# Smoker Round Pics



## flightmedic (Sep 26, 2004)

*/?????*

what is a smoker, please forgive my ignorance


----------



## Big Elk (Feb 16, 2006)

*Smoker Round*

These rounds are at out door three d shoots. Pretty much they make the shots as difficult as possible. For example a standing bear at 30 yards through some oak brush and the 10 ring is still visible but you have to get your arrow through a one inch gap to hit 10. It is a riot. Oh you only get one arrow for 10 targets set up like that. Break your arrow or loose it and your done.


----------



## Savannahsdad (Oct 13, 2003)

*what a hoot!!*

Around here we call them "IRONMAN" rounds!!!!


----------



## hutchies (Jun 8, 2005)

Around here they call them **** Shoots.......dunno why.


----------



## BLB752 (Aug 16, 2004)

Around here a **** shoot is held at night. It is a team event. Both you and your partner shoot the taget and take the best of the two shots. One guy holds the light while the other shoots, then you switch.


----------



## sheets (Dec 26, 2004)

***** shoot*

What is the rules for a **** shoot???Do you shoot from same stake?? Is there any reflectors on 11 ring???How many cell flashlight can you use??


----------



## deerboy (Oct 12, 2004)

*Smoker rounds...*

Called smokers around here. The best (AKA worst) shot I have seen was shot through the holes in a cinder block at the 10 on a bedded buck. the shot was only about 26 yards, but easton made some serious cash after that weekend!


----------



## BLB752 (Aug 16, 2004)

sheets said:


> What is the rules for a **** shoot???Do you shoot from same stake?? Is there any reflectors on 11 ring???How many cell flashlight can you use??
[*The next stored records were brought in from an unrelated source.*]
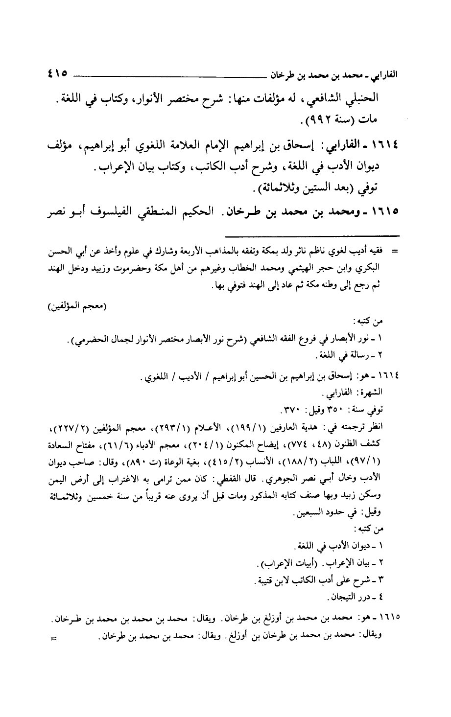 الفارابي: إسحاق بن إبراهيم الإمام العلامة اللغوي أبو إبراهيم، مؤلف ديوان الأدب في اللغة، وشرح أدب الكاتب، وكتاب بيان الإعراب. توفي بعد الستين وثلاثمائة.
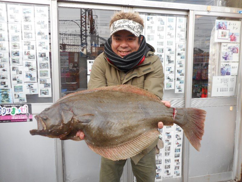 吉川釣具店ですおはようございます。昨日は数十年前からの元会社の仲間と箕面温泉スパーガーデンに出かけてました。ランチバイキングのメニューもレベルが高いし、温泉もほっこり、そして大衆演劇で泣き笑い、一年の垢を流してきました。商売をサボっていた時にも関わらず、今年最高の獲物が須磨であがりました。75cm、4.3Kgのヒラメです釣り人は須磨の春風様釣り場は近隣の防波堤からの投げ釣り。餌は青虫でした。おそらくキスかハゼか小物が釣れてそれにヒラメが食いついたのだと想像しますこんな大物が食いつくのも稀ながら釣り上げるのも至難の技だったでしょう。ビッグなクリスマスプレゼントに心が躍り、で昨日は眠れなかったのではないでしょうか。おめでとうございます。一方、寝屋川の原田様はキス狙いでしたが惨敗。4月から須磨のキスを追い続けた一年が終盤に差し掛かっていますが、こんなことで挫ける原田さんではありません。おそらく1月に初釣りに来られて静かに次のシーズンに向けての総括をされることと思います。お疲れさまの言葉は1月まで控えておきます。後は後日談で写真はありませんが須磨浦漁港の内でイワシの群れ、居残りのアジが釣れてます。特にイワシは堅いです。興味のある方はお土産にどうぞ。カレイはこれから石ガレイのシーズンになり、期待はまだまだあります。ガシラ、メバル、アイナメはこれからの対象魚NO1になる魚ですね。明日(26日)は定休日ですので朝9時までの営業となりますので宜しくお願い致します。<<年末年始 営業のご案内>>12月31日 午前中のみ営業 1月1日 休業 1月2日~3日 午前中のみ営業 1月4日~ 通常営業<<1月4月14日迄の営業時間のご案内>>朝5時30分~17時とさせていただきます尚、定休日は毎週月曜日 (但し、朝9時までは営業しています)月曜日が休日の場合は翌日が定休日です。
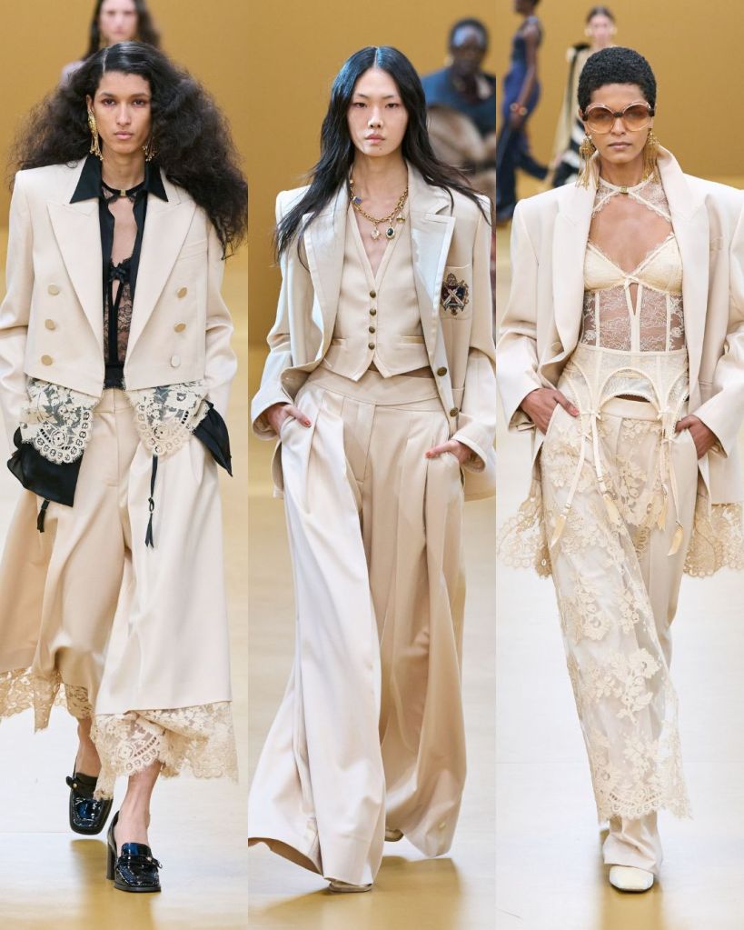 There were also subtle references to sportswear, including cricket inspired pieces with striped cotton skirts and knit jumpers. Tailoring appeared too, like a cropped champagne tuxedo jacket paired with lace detailed trousers that balanced softness with structure.
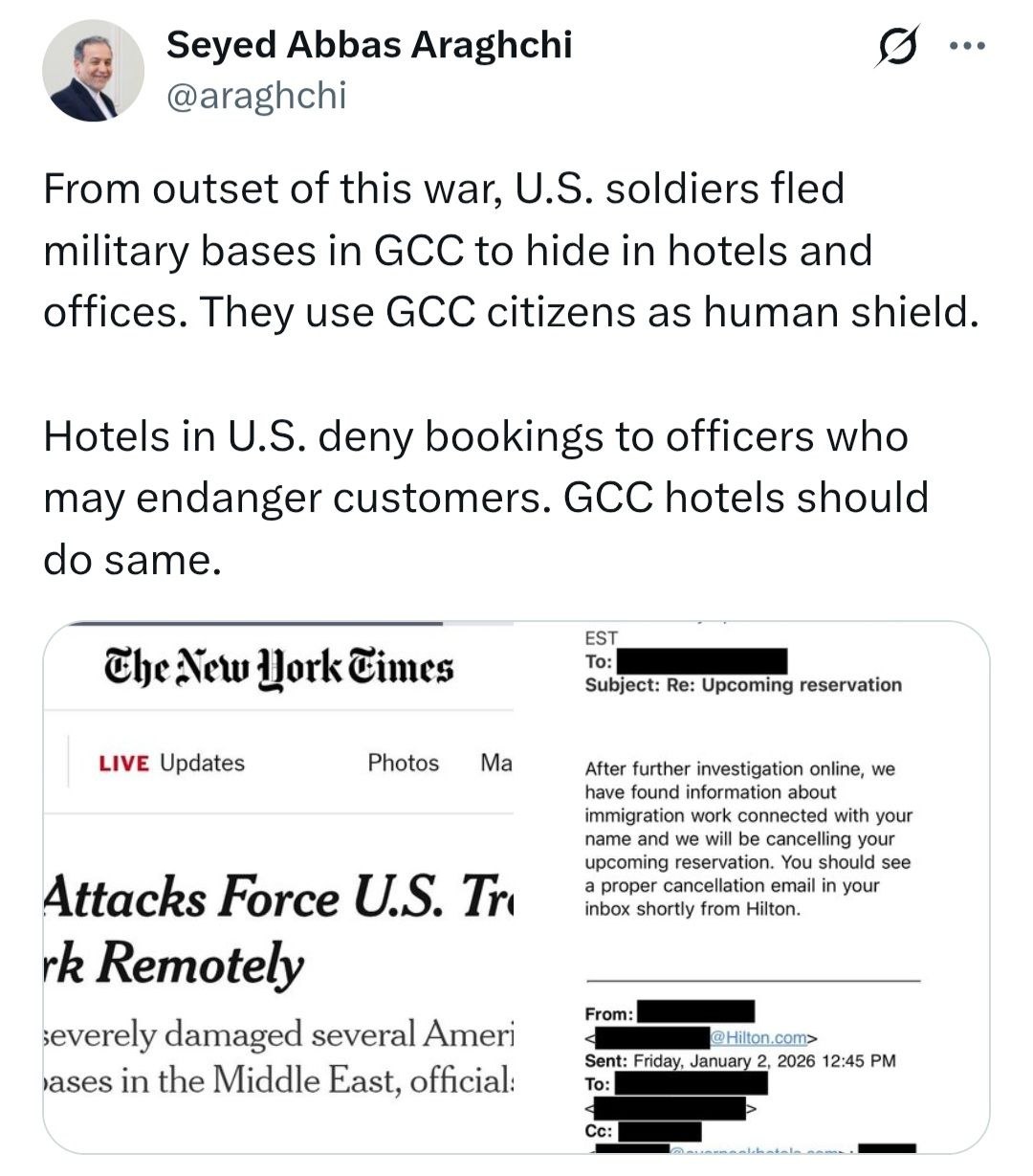 منذ بداية الحرب، غادر العسكريون الأمريكيون قواعدهم العسكرية في دول مجلس تعاون الخليج الفارسي، ولجأوا إلى الفنادق والمباني الإدارية للاختباء؛ إنهم يتخذون من مواطني هذه الدول دروعاً بشرية.
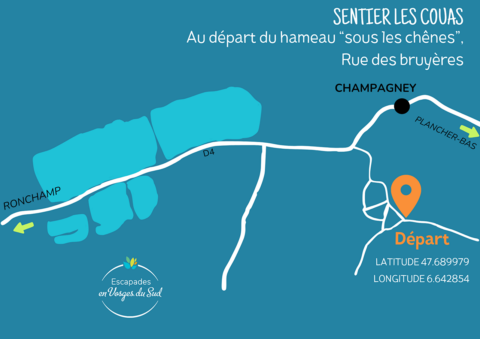 Cette randonnée se situe dans le secteur Sud de la commune de Champagney, au hameau de « Sous les Chênes ». Cet agréable circuit vous permettra d'admirer la flore et la richesse hydraulique du secteur. Vous ne tarderez pas à remarquer les terres rouges qui proviennent de l’argile et des grès dégradés de l’âge permien.
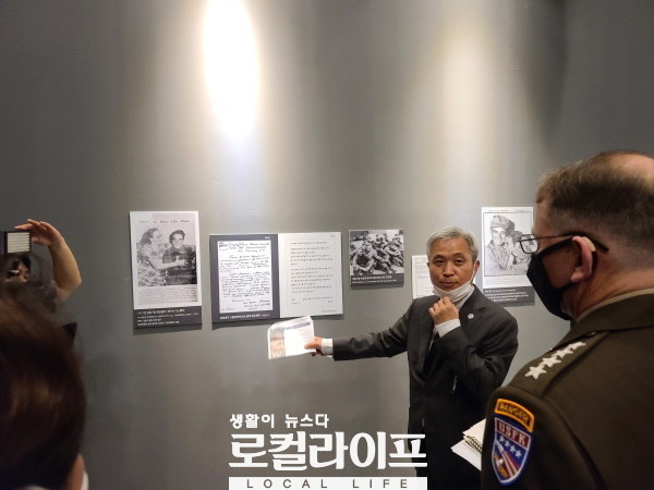 | ▲ 곽상욱 오산시장은 ‘죽미령 평화공원’을 관광 명소화 하고 미래지향적으로 확장·발전시켜 세계의 평화문화의 장으로 발전시킨다는 구상이다. 사진은 행사 후 곽상욱 시장이 참석자들에게 죽미령 평화공원 내 스미스 평화관을 안내하고 있다. (사진=김민정 기자) |
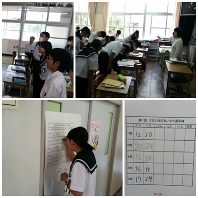 今週から、1年生の学年委員会で企画をした「クラス対抗あいさつ選手権」がおこなわれています。

I don't think there are any "official" **** shoot rules. I believe here they all shoot from the same stake. I don't know of any flashlight rules. I have never actually shot one, they are usually in August and the skeeters are too bad for my to want to be there.


----------



## DKN (Dec 14, 2003)

sheets said:


> What is the rules for a **** shoot???Do you shoot from same stake?? Is there any reflectors on 11 ring???How many cell flashlight can you use??



two cell flashlights and they put bright eye in the eye's. thats pretty much it.


----------



## bboswell (Jul 29, 2003)

Mountgomery County calls these a "Survivor Shoot" and they are quite popular.

Take one arrow, best score with a shootable arrow at the end wins..........sometimes it pays to pass on a target!!!


----------



## Blue_862 (Mar 7, 2006)

Some pics would be great and give others some ideas.


----------



## WV1BADAPPLE (Jun 24, 2004)

When we had a **** shoot we used the reflective thumb tacks for the eyes and you could have one three cell flashlight.
The toughman round was shot after the regular 3-D round , You had take your sights off and could only take one arrow. Then you shot the same course over.


----------